On July 6, 2026, Illinois Governor JB Pritzker signed into law SB 315, a frontier model safety act that resembles the New York RAISE Act, discussed in our prior blog post here, and California’s Transparency in Frontier Artificial Intelligence Act (TFAIA), discussed in our prior blog post here. The law takes effect January 1, 2027, with transparency-reporting and audit obligations beginning January 1, 2028. Similar to the New York and California laws, SB 315 will apply to frontier developers (i.e., persons that train, or initiate the training of, a frontier model using computing power greater than 10^26 integer or floating point operations), with certain provisions applicable only to large frontier developers (i.e., frontier developers with annual gross revenue over $500 million in the preceding year). SB 315 also includes public safety disclosure and reporting requirements. Notably, SB 315 also imposes a third-party audit requirement not found in either the New York or the California law.
- Frontier AI Frameworks: Large frontier model developers must implement, publicly post, and maintain a frontier AI framework that describes how the developer addresses catastrophic-risk assessment, mitigations, internal governance, cybersecurity, third-party evaluations, and risks from internal use of frontier models. This framework must be reviewed at least once per year, and where there are material updates, the modified framework and a justification must be clearly and conspicuously posted within 30 days. For these frameworks, SB 315 takes an approach similar to TFAIA’s requirement that large frontier model developers describe their “approach” to these topics, rather than the RAISE Act’s requirement to describe how they “handle” these topics “in detail.”
- Transparency Reports: Before deploying a new frontier model or substantially modifying an existing frontier model, all frontier developers must clearly and conspicuously publish a transparency report that includes, among other things, a mechanism for a natural person to communicate with the frontier developer, the languages supported by the model, any generally applicable restrictions or conditions on use, and summaries of catastrophic risk assessments.
- Third Party Audits: Large frontier developers must retain independent third parties to annually audit compliance with SB 315. The auditor’s report must include, among other things, a description of any material deviations from the law and an assessment of the large frontier developer’s internal controls.

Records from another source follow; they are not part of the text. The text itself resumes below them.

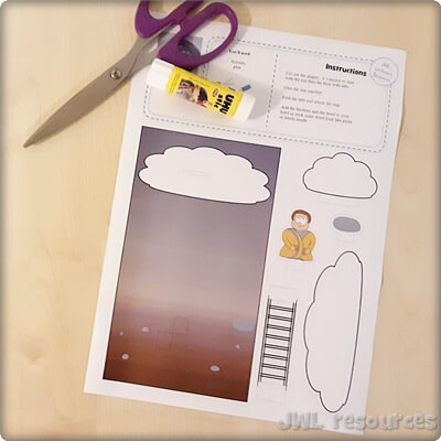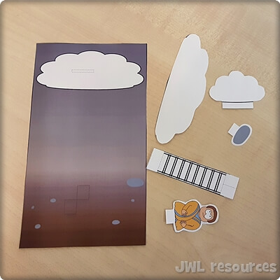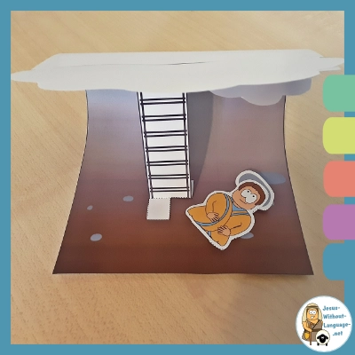 This Jacob’s Ladder paper craft scene with it’s curved sky and layered clouds allows the child to look at the image from various angles. Peering down through the clouds from heaven or up from the ground through Jacob’s eyes.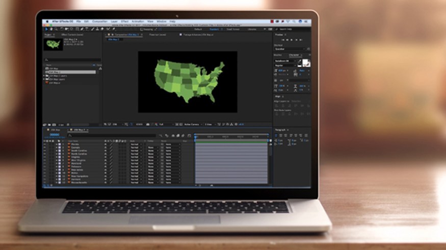 I’m working on a motion graphics project that consists of animating a map of the United States. My client has provided me with a layered EPS vector graphic file of the United States that they want me to use in the animation. They’ve asked me to take this map and create a variety of animations, including an animation for each individual state. Let’s take a look at the file and see how I can work with this file in Adobe After Effects.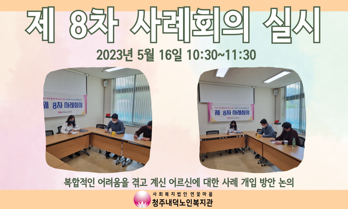 청주내덕노인복지관에서는 5월 16일 화요일 10시 30분부터 11시 30분까지 복지관 1층 상담실에서 제8차 사례회의를 진행하였습니다. 복합적인 어려움을 겪고 있는 어르신에게 어떤 자원을 연계해야 어르신이 더 행복하게 생활 하실 수 있을지에 대해 논의하였습니다. 어떤 도움을 드릴 수 있을지에 대해 논의하여 어르신 주변의 자원과 복지관이 가지고 있는 자원들을 활용하여 어르신이 지역사회에서 잘 생활하실 수 있도록 하겠습니다!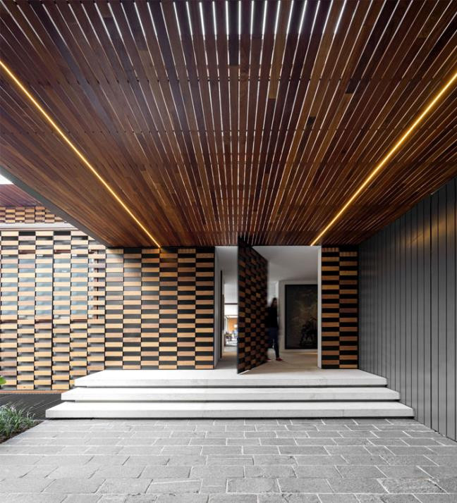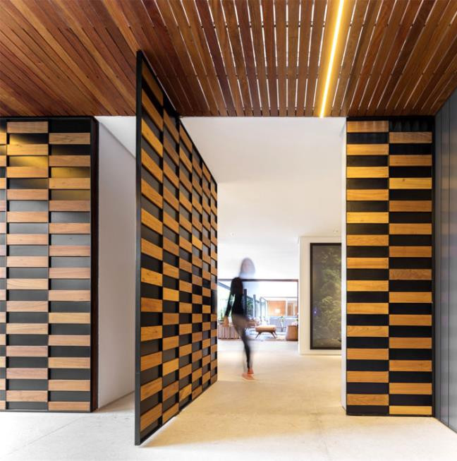 Mặt tiền của dải ngôi nhà được ốp các màn gỗ độc đáo, đính từ các mảnh gỗ hình chữ nhật sole. Mục đích là tạo nên nét đặc sắc cho không gian chung, thứ hai là giảm bớt nắng, ngăn nhiệt tràn vào bên trong ngôi nhà.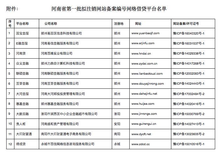 为进一步推进河南省网络借贷风险专项整治工作,尽快完成存量风险化解任务,河南省研究确定了该省第一批拟注销网站备案编号的网络借贷平台名单,包括园宝金服、E融金服、河南贷等12家P2P。
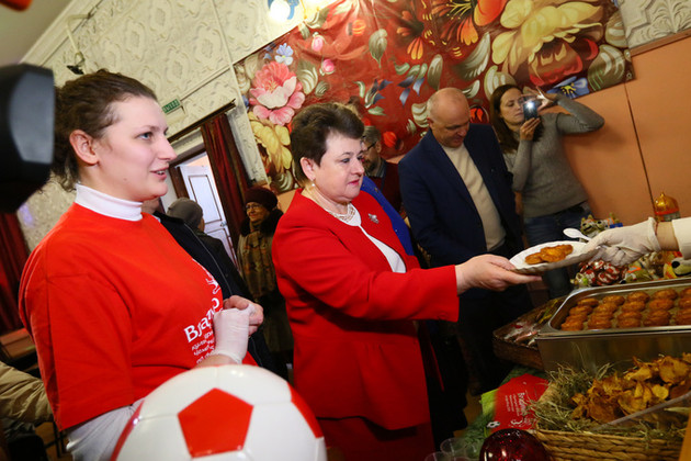 А в зрительном зале ДК была развернута дегустация «футбольного меню», подготовленного разными кафе и ресторанами для того, чтобы потчевать гостей Владимира — культурной столицы чемпионата мира по футболу.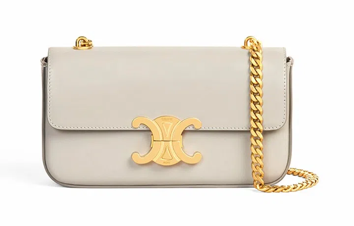 Celine新推出的袋款中,也包括不少造型简洁大方,轮廓稍显“横长”的优雅款式。比如这款装饰Triomphe金属包扣的浅灰色链袋,也是外部为小牛皮材质,内里为羊皮内衬。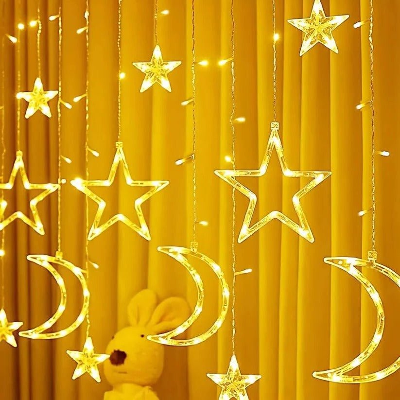 - TWELVE DROP CURTAIN DESIGN: Features twelve hanging strands with nine star shapes and three moon shapes glowing in warm white for a layered, decorative display.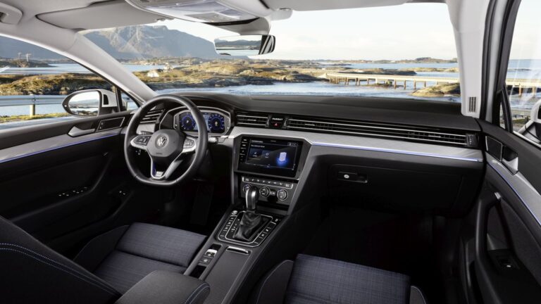 Passat wyróżnia się wewnątrz nowymi wykończeniami i tkaninami, przeprojektowanymi panelami drzwi, nowym kolorem wykończenia, nowymi instrumentami oraz nową kierownicą. Na desce rozdzielczej znajduje się stylowe podświetlane logo Passata zamiast analogowego zegara. Konsola centralna ma dużą, otwartą komorę na przechowywanie z opcjonalnym interfejsem indukcyjnym dla smartfonów i przyległym połączeniem USB-C. Ekrany Cyfrowego Kokpitu i systemów Infotainment łączą się w nocy z podświetlanymi przyciskami na pojemnościowej kierownicy wielofunkcyjnej oraz podświetleniem – teraz dostępnym opcjonalnie w 30 kolorach – tworząc dobrze oświetloną, estetyczną i funkcjonalną platformę do dostarczania informacji.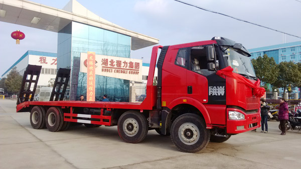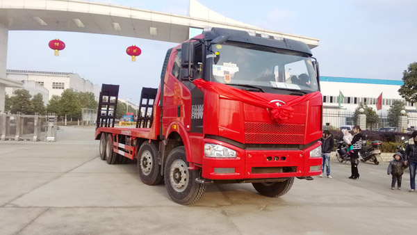 解放J6前四后八平板運(yùn)輸車采用解放錫柴330EGR馬力發(fā)動(dòng)機(jī)改裝,帶制動(dòng)。
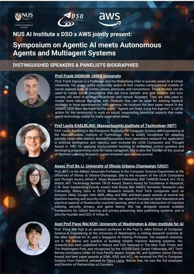 诚邀您参加由新加坡国立大学人工智能研究所(NAII)、DSO国家实验室与亚马逊云科技(AWS)联合举办的专题研讨会:“Agentic AI meets Autonomous Agents and Multiagent Systems”。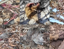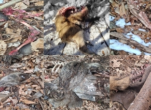 'ASF 바이러스(ASFV)'는 감염된 동물의 사체뿐만 아니라 골수에서도 장기간 전염성을 유지한다. ASFV에 감염된 사체에 대한 다양한 동물의 청소 활동은 ASFV 전파의 잠재적 위험 요인으로 여겨진다. 따라서 본 연구는 청소동물이 ASFV의 잠재적 매개체인지 확인하기 위해 수행되었다. 야생멧돼지 사체를 숲 바닥에 방치된 상태에서, 사체 분해 과정의 계절적 패턴과 이를 먹이로 삼는 청소동물의 방문 빈도를 조사했다. 성체 사체의 신선 상태에서 초기 골격화(뼈와 가죽만 남은 상태)까지 걸린 기간은 겨울철에 37.6±23.1일(n=3, 범위=11-51일)이었다. 성체 사체를 포함한 모든 사체의 신선 상태에서 후기 골격화(뼈와 일부 털만 남음)까지의 기간은 여름철에 8.3±2.5일(n=4, 범위=7-12일)이었다. 모든 세 곳의 조사 지역에서, 삵(30.3%), 큰부리까마귀(21.6%), 그리고 검독수리(18.1%)가 자주 방문하는 종들이었으며, 이는 겨울 전체 방문(343회 방문)의 10% 이상을 나타냈다. 반면 여름에는 너구리(21.9%), 흰배지빠귀(39.4%), 그리고 되지빠귀(14.7%)가 가장 빈번한 방문자들이었다. 겨울에는 까마귀나 독수리들이 사체에

- Reporting: The regulator must establish a mechanism that a frontier developer or member of the public can use to report a critical safety incident. Frontier developers must report to the Illinois Emergency Management Agency (“Agency”) and Attorney General within 72 hours after learning facts sufficient to establish a reasonable belief that a critical safety incident has occurred. If an incident involves an imminent risk of death or serious physical injury, the law requires reporting within 24 hours to the appropriate law enforcement or public safety agency.
- Large Frontier Developer Disclosures: Beginning January 1, 2027, a large frontier developer generally may not develop, deploy, or operate a frontier model in Illinois without a current disclosure statement and payment of a required fee. The disclosure statement must identify the large frontier developer’s name and address and a primary, secondary, and tertiary point of contact.
- Employee Reporting Protections: Similar to California’s TFAIA and Connecticut’s recently passed omnibus AI law, SB 315 will prohibit any frontier developer from preventing a covered employee from disclosing, or retaliating against a covered employee for disclosing, certain safety-related information to the government or a person with authority over the employee. Frontier developers must provide clear notice of these rights to the employee on a specified cadence and in a specified form.
- Enforcement: The Attorney General has exclusive authority to enforce SB 315, except for relevant claims under Illinois’s Whistleblower Act, and the law does not create a private right of action. Failure to publish or transmit compliant documents, perform required third-party audits, disclose critical safety incidents, or comply with a frontier AI framework is subject to civil penalties of up to $1 million for a first violation and $3 million for each subsequent violation.